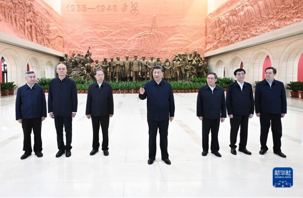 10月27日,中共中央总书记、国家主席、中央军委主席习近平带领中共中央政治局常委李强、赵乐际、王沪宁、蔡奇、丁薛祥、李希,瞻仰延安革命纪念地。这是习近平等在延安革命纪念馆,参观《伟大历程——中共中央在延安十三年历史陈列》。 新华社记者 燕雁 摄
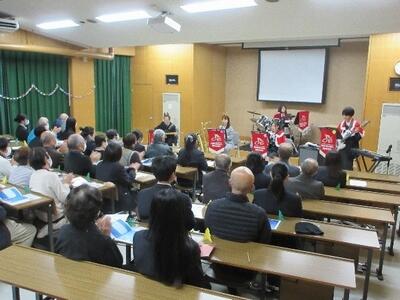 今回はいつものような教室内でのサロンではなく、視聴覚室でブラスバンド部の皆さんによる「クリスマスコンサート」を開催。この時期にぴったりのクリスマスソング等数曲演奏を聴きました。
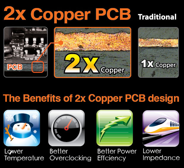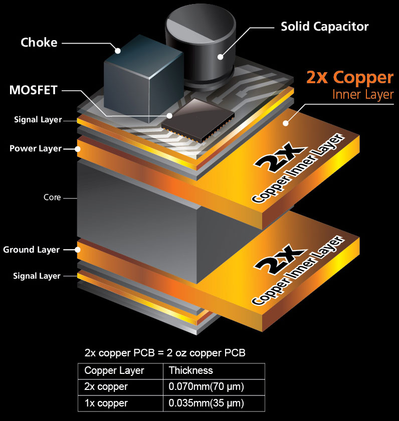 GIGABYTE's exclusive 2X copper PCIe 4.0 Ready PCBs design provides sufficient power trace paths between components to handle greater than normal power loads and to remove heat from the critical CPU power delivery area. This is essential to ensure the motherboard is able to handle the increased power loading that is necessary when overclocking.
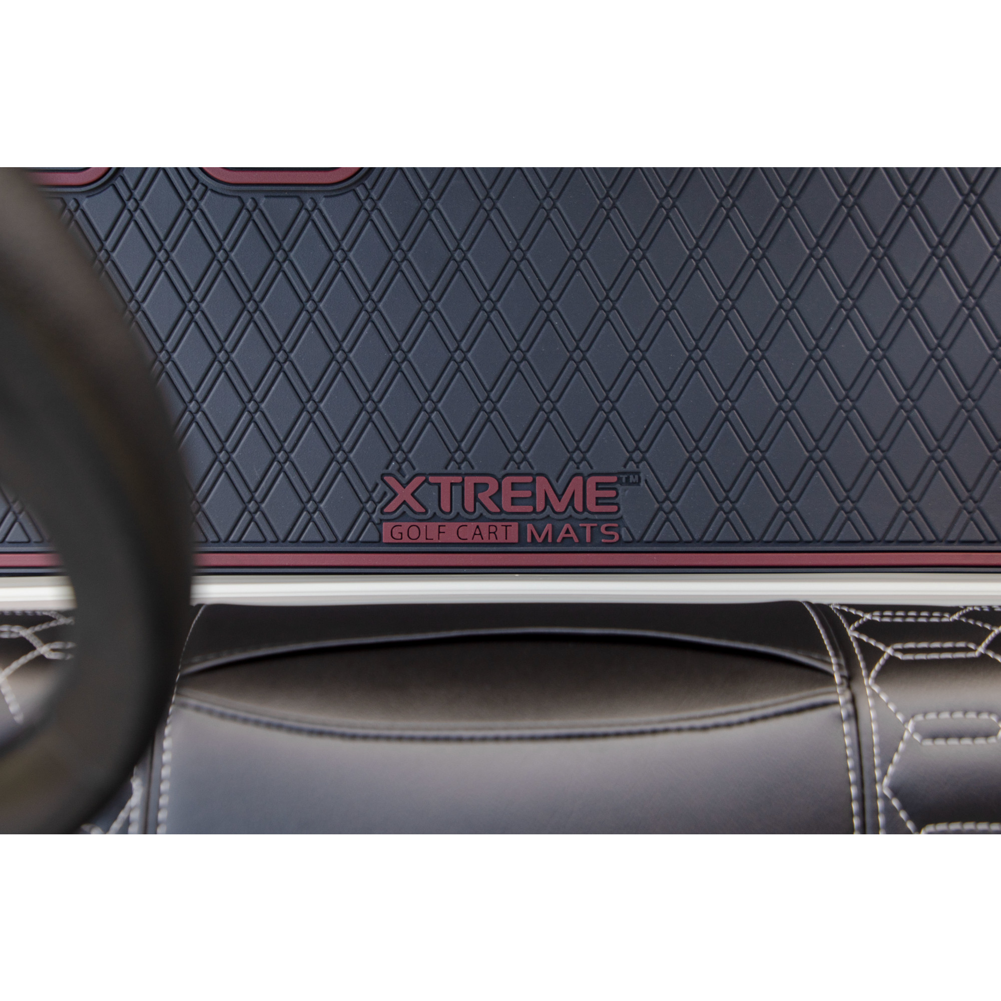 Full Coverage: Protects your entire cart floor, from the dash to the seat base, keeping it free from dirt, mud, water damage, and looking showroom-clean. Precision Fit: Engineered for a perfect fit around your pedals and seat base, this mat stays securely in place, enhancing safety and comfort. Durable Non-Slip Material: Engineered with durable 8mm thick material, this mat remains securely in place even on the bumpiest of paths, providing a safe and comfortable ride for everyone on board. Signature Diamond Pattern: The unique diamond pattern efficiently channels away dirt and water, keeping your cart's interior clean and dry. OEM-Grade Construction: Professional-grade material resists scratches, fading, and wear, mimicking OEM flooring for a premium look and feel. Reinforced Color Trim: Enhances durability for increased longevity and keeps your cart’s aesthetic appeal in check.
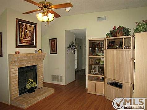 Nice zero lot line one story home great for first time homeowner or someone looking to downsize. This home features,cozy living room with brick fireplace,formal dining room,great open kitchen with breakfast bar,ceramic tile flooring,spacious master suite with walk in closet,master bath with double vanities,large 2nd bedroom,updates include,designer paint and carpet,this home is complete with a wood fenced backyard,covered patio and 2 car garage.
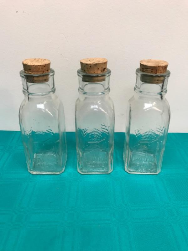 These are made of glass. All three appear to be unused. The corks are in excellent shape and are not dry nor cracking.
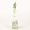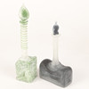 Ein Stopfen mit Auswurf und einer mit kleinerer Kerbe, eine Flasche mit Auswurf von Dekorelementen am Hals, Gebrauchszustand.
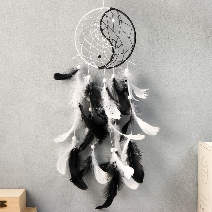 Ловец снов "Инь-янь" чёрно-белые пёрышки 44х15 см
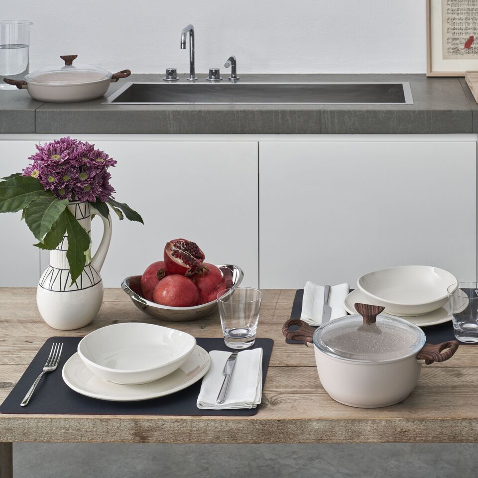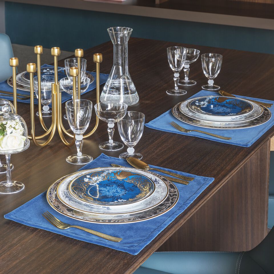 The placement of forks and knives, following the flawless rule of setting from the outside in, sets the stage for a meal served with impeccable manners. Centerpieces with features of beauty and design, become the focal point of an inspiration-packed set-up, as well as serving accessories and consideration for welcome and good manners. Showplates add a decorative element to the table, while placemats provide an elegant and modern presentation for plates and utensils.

_ _ _ _

:: Exercise description ::
Take the listing above and restate it word for word, without its pictures.

:: Exercise solution ::
 10月27日,中共中央总书记、国家主席、中央军委主席习近平带领中共中央政治局常委李强、赵乐际、王沪宁、蔡奇、丁薛祥、李希,瞻仰延安革命纪念地。这是习近平等在延安革命纪念馆,参观《伟大历程——中共中央在延安十三年历史陈列》。 新华社记者 燕雁 摄
 今回はいつものような教室内でのサロンではなく、視聴覚室でブラスバンド部の皆さんによる「クリスマスコンサート」を開催。この時期にぴったりのクリスマスソング等数曲演奏を聴きました。
 GIGABYTE's exclusive 2X copper PCIe 4.0 Ready PCBs design provides sufficient power trace paths between components to handle greater than normal power loads and to remove heat from the critical CPU power delivery area. This is essential to ensure the motherboard is able to handle the increased power loading that is necessary when overclocking.
 Full Coverage: Protects your entire cart floor, from the dash to the seat base, keeping it free from dirt, mud, water damage, and looking showroom-clean. Precision Fit: Engineered for a perfect fit around your pedals and seat base, this mat stays securely in place, enhancing safety and comfort. Durable Non-Slip Material: Engineered with durable 8mm thick material, this mat remains securely in place even on the bumpiest of paths, providing a safe and comfortable ride for everyone on board. Signature Diamond Pattern: The unique diamond pattern efficiently channels away dirt and water, keeping your cart's interior clean and dry. OEM-Grade Construction: Professional-grade material resists scratches, fading, and wear, mimicking OEM flooring for a premium look and feel. Reinforced Color Trim: Enhances durability for increased longevity and keeps your cart’s aesthetic appeal in check.
 Nice zero lot line one story home great for first time homeowner or someone looking to downsize. This home features,cozy living room with brick fireplace,formal dining room,great open kitchen with breakfast bar,ceramic tile flooring,spacious master suite with walk in closet,master bath with double vanities,large 2nd bedroom,updates include,designer paint and carpet,this home is complete with a wood fenced backyard,covered patio and 2 car garage.
 These are made of glass. All three appear to be unused. The corks are in excellent shape and are not dry nor cracking.
 Ein Stopfen mit Auswurf und einer mit kleinerer Kerbe, eine Flasche mit Auswurf von Dekorelementen am Hals, Gebrauchszustand.
 Ловец снов "Инь-янь" чёрно-белые пёрышки 44х15 см
 The placement of forks and knives, following the flawless rule of setting from the outside in, sets the stage for a meal served with impeccable manners. Centerpieces with features of beauty and design, become the focal point of an inspiration-packed set-up, as well as serving accessories and consideration for welcome and good manners. Showplates add a decorative element to the table, while placemats provide an elegant and modern presentation for plates and utensils.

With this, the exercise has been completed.